» WHAT YOU SHOULD DO: If an entry holds a picture, leave the picture out and copy the rest exactly.

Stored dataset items

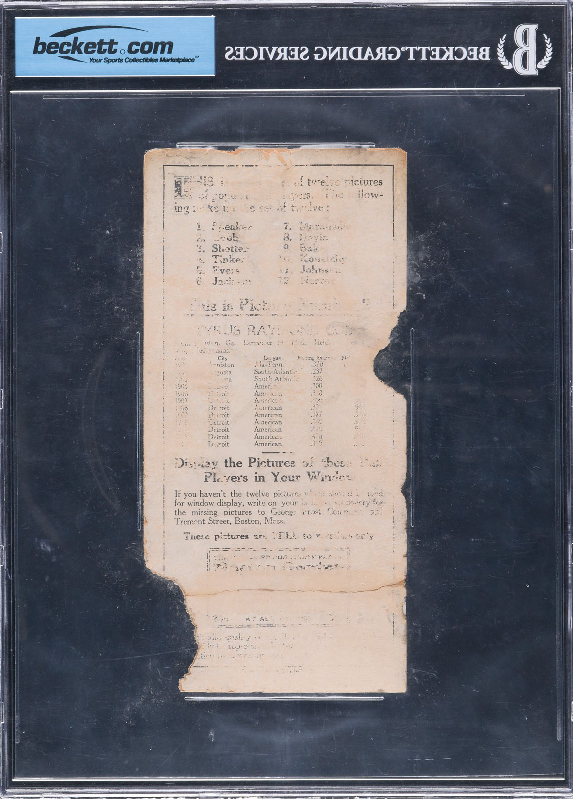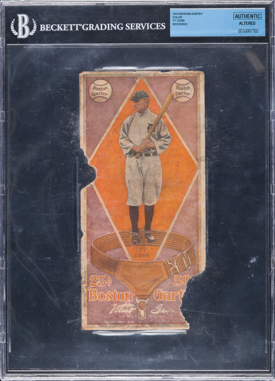 The 1914 Boston Garter set is one of the most beautiful card issues ever produced. It is also one of the rarest. It is a privilege for Robert Edward Auctions to offer the key card of Ty Cobb from this extraordinary set. To the best of our knowledge, there are three examples (including the offered) of Ty Cobb known to exist. Boston Garters have always been one of the most highly prized of all early twentieth-century cards. In the past this set has been identified as being issued in 1913, but it now seems clear the correct year of issue is actually 1914. All Boston Garters are extremely rare. As noted on the reverse, only one card was issued with each box of twelve garters, and the cards were to be displayed by retailers in their store windows. The reverse includes a checklist for the entire set, and Cobb's batting and fielding records are listed through the 1913 season. The unparalleled quality of the lithography and the unique concept of the set both contribute to making Boston Garters one of the most distinctive and noteworthy baseball-card sets ever issued. The large-format card measures 4 x 8.25 inches. This low-grade example represents a rare opportunity for the collector who wants a real 1914 Boston Garter card of Ty Cobb at an affordable level. Despite the obvious condition problems of this example, the image of Cobb in a batting stance is exceptionally bright and crisp. The card has undergone extensive professional restoration, including mending two halves together and inpainting of loss color. This card would be a highlight in even the most advanced card collection in the world and represents an extremely rare opportunity to acquire one of the key cards from the legendary 1914 Boston Garter set. Encapsulated as Authentic (Restored) by BGS. Reserve $5,000. Estimate $10,000+.
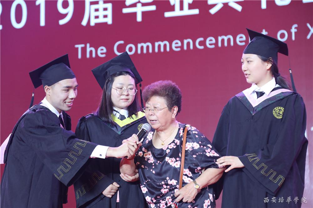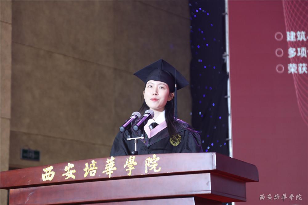 建筑与艺术设计学院 服装与服饰设计专业2019届毕业生余丽红同学作为毕业生代表上台发言,她用真挚朴实的语言讲述了自己的心路历程。她说:“以后无论走到哪里,我们都要用最真诚的态度面向人生;无论走到哪里,记得我们都是培华人!”
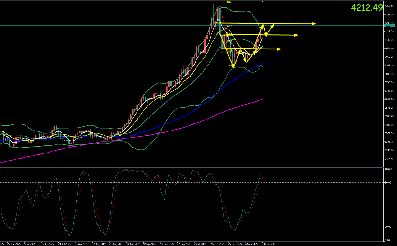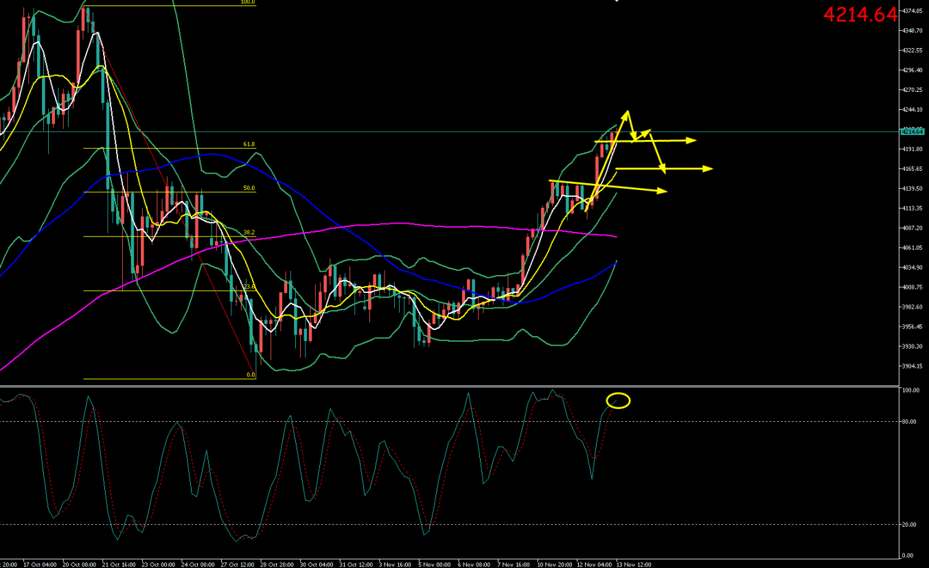 黄金周三(11.12)最高上探至4211.86美元/盎司,最低触及4097美元/盎司。收盘于4194.39美元/盎司,周四(11.13)开于4196元/盎司,截至目前最高上探至4219.4美元/盎司,最低触及4179.73美元/盎司,黄金4小时级别震荡上行,现报价4216.8
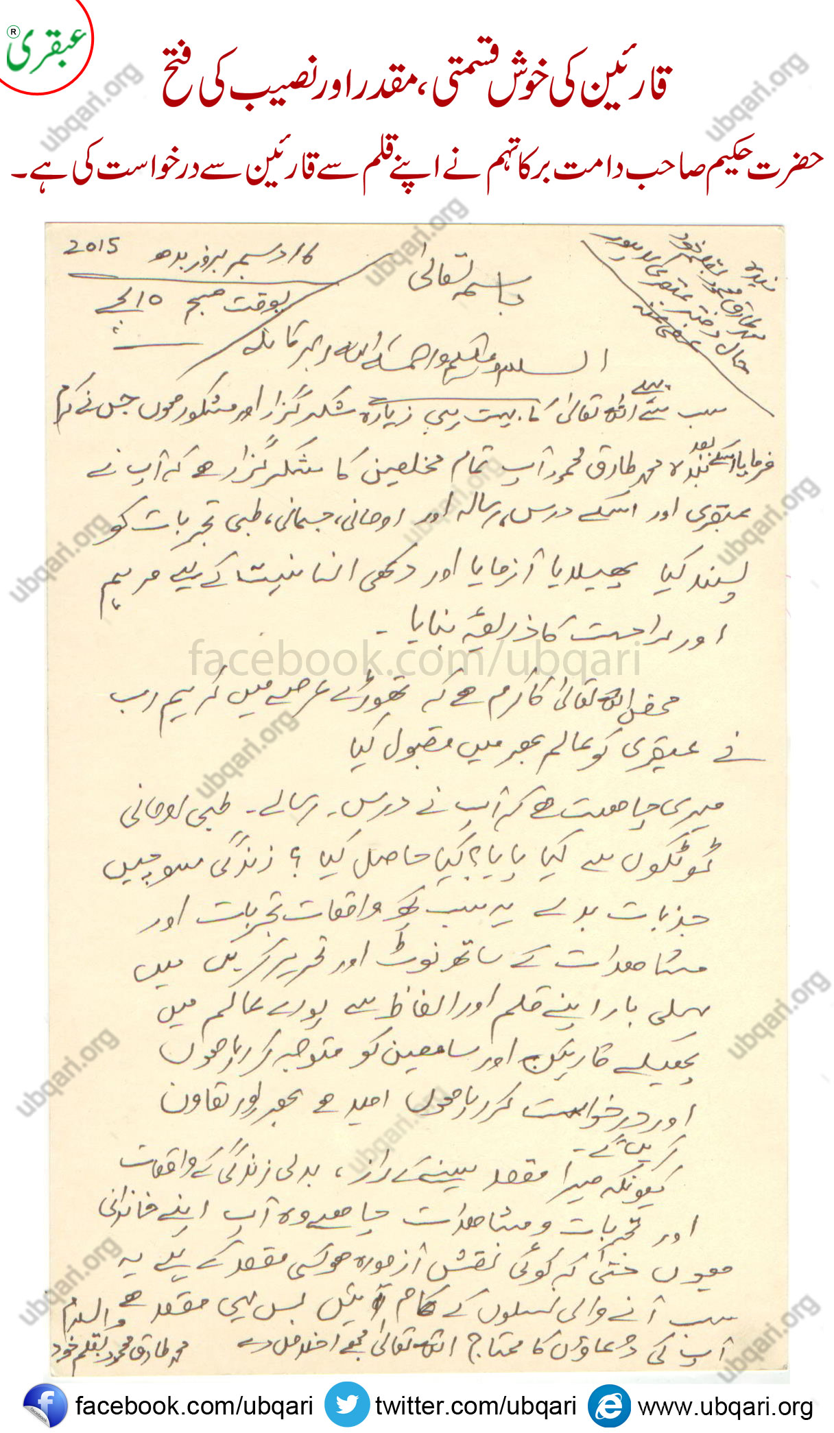 حضرت حکیم صاحب ان کی نسلوں عبقری اور تمام نظام کی مدد حفاظت کا تصور کر کےحم لاینصرون ہزاروں پڑھیں غفلت نہ کریں اور پیغام کو آگے پھیلائیں۔
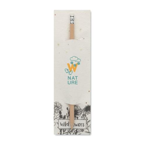 Ołówek z naturalnego drewna z gumką. Zapakowany w saszetkę z papieru siewnego (polne kwiaty). Wymiary produktu: 19,7X6X0,8 CM Materiał: Drewno
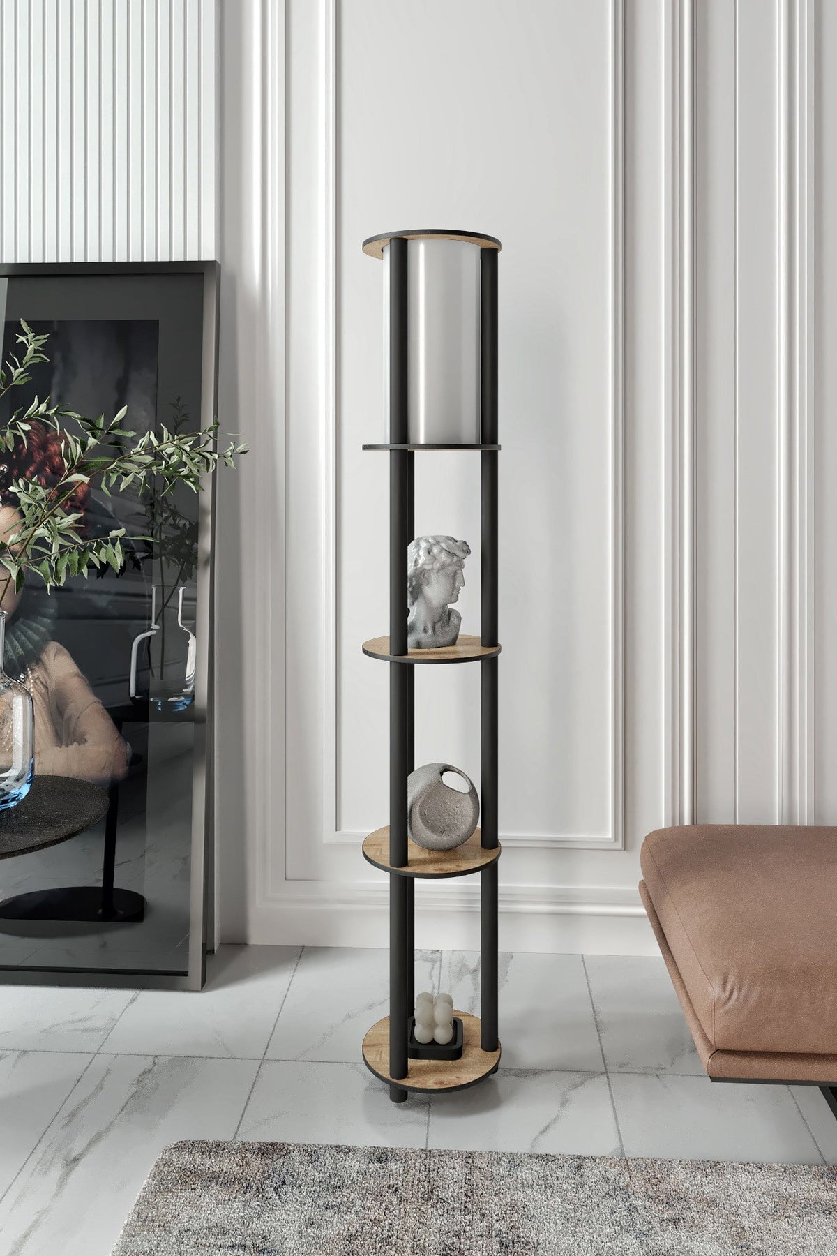 Questa piantana con ripiani portaoggetti è la soluzione ideale per chi desidera esporre piccole sculture, vasi, piante o candele, trasformando un semplice punto luce in un vero e proprio elemento espositivo di design. Il diffusore superiore a cilindro emette una luce calda e uniforme, perfetta per creare un angolo relax in salotto o per aggiungere profondità a una camera da letto moderna. Grazie al suo stile minimalista e alla combinazione di materiali caldi e industriali, questa lampada originale con mensole si inserisce armoniosamente in ambienti contemporanei o in contesti "urban chic", offrendo massima funzionalità con il minimo ingombro.
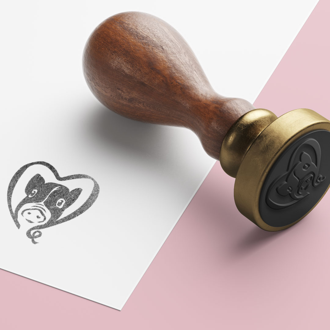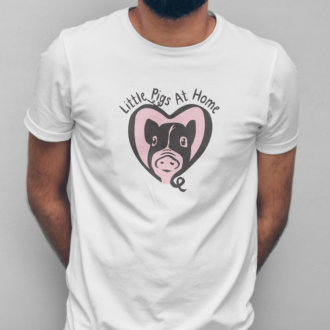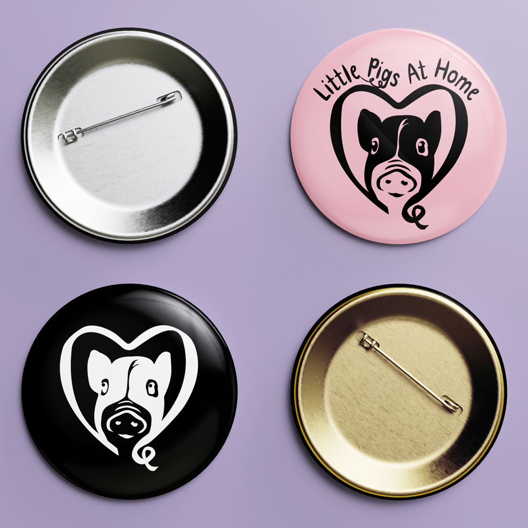 Client brief: Create a logo for an animal sanctuary called Little Pigs at Home. It should be versatile in order to be used across a variety of materials such as, T-shirts, badges, business cards and stamps. It will need to translate well across digital and printed platforms. Three words to describe the sanctuary are: compassionate, safe and love and the pigs should be represented within the logomark.
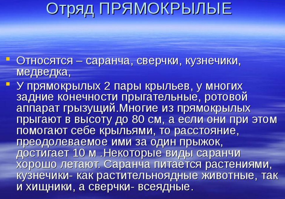 крыльев 200(мм) или больше. Самые маленькими прямокрылыми являются сверчки (например, представители
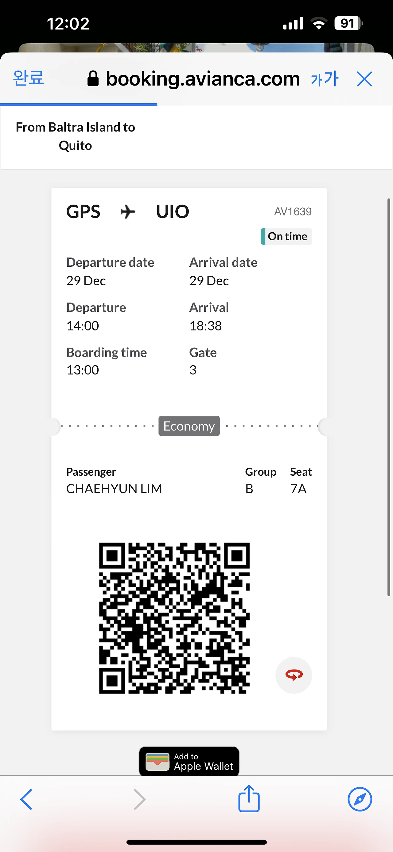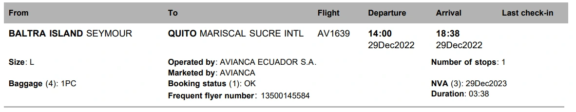 이러한 우려들에도 불구하고 갈라파고스행 노선을 운영하는 항공사는 아비앙카 항공과 LATAM 항공 두 곳뿐이었고, 결국 나는 울며 겨자 먹기로 20 달러 정도 더 저렴한 아비앙카 항공의 티켓을 끊었다.
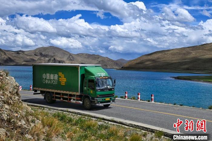 6月21日,一輛郵件運(yùn)輸車輛行駛在高原湖畔。(西藏自治區(qū)郵政管理局 供圖)

» RESPONSE:
 The 1914 Boston Garter set is one of the most beautiful card issues ever produced. It is also one of the rarest. It is a privilege for Robert Edward Auctions to offer the key card of Ty Cobb from this extraordinary set. To the best of our knowledge, there are three examples (including the offered) of Ty Cobb known to exist. Boston Garters have always been one of the most highly prized of all early twentieth-century cards. In the past this set has been identified as being issued in 1913, but it now seems clear the correct year of issue is actually 1914. All Boston Garters are extremely rare. As noted on the reverse, only one card was issued with each box of twelve garters, and the cards were to be displayed by retailers in their store windows. The reverse includes a checklist for the entire set, and Cobb's batting and fielding records are listed through the 1913 season. The unparalleled quality of the lithography and the unique concept of the set both contribute to making Boston Garters one of the most distinctive and noteworthy baseball-card sets ever issued. The large-format card measures 4 x 8.25 inches. This low-grade example represents a rare opportunity for the collector who wants a real 1914 Boston Garter card of Ty Cobb at an affordable level. Despite the obvious condition problems of this example, the image of Cobb in a batting stance is exceptionally bright and crisp. The card has undergone extensive professional restoration, including mending two halves together and inpainting of loss color. This card would be a highlight in even the most advanced card collection in the world and represents an extremely rare opportunity to acquire one of the key cards from the legendary 1914 Boston Garter set. Encapsulated as Authentic (Restored) by BGS. Reserve $5,000. Estimate $10,000+.
 建筑与艺术设计学院 服装与服饰设计专业2019届毕业生余丽红同学作为毕业生代表上台发言,她用真挚朴实的语言讲述了自己的心路历程。她说:“以后无论走到哪里,我们都要用最真诚的态度面向人生;无论走到哪里,记得我们都是培华人!”
 黄金周三(11.12)最高上探至4211.86美元/盎司,最低触及4097美元/盎司。收盘于4194.39美元/盎司,周四(11.13)开于4196元/盎司,截至目前最高上探至4219.4美元/盎司,最低触及4179.73美元/盎司,黄金4小时级别震荡上行,现报价4216.8
 حضرت حکیم صاحب ان کی نسلوں عبقری اور تمام نظام کی مدد حفاظت کا تصور کر کےحم لاینصرون ہزاروں پڑھیں غفلت نہ کریں اور پیغام کو آگے پھیلائیں۔
 Ołówek z naturalnego drewna z gumką. Zapakowany w saszetkę z papieru siewnego (polne kwiaty). Wymiary produktu: 19,7X6X0,8 CM Materiał: Drewno
 Questa piantana con ripiani portaoggetti è la soluzione ideale per chi desidera esporre piccole sculture, vasi, piante o candele, trasformando un semplice punto luce in un vero e proprio elemento espositivo di design. Il diffusore superiore a cilindro emette una luce calda e uniforme, perfetta per creare un angolo relax in salotto o per aggiungere profondità a una camera da letto moderna. Grazie al suo stile minimalista e alla combinazione di materiali caldi e industriali, questa lampada originale con mensole si inserisce armoniosamente in ambienti contemporanei o in contesti "urban chic", offrendo massima funzionalità con il minimo ingombro.
 Client brief: Create a logo for an animal sanctuary called Little Pigs at Home. It should be versatile in order to be used across a variety of materials such as, T-shirts, badges, business cards and stamps. It will need to translate well across digital and printed platforms. Three words to describe the sanctuary are: compassionate, safe and love and the pigs should be represented within the logomark.
 крыльев 200(мм) или больше. Самые маленькими прямокрылыми являются сверчки (например, представители
 이러한 우려들에도 불구하고 갈라파고스행 노선을 운영하는 항공사는 아비앙카 항공과 LATAM 항공 두 곳뿐이었고, 결국 나는 울며 겨자 먹기로 20 달러 정도 더 저렴한 아비앙카 항공의 티켓을 끊었다.
 6月21日,一輛郵件運(yùn)輸車輛行駛在高原湖畔。(西藏自治區(qū)郵政管理局 供圖)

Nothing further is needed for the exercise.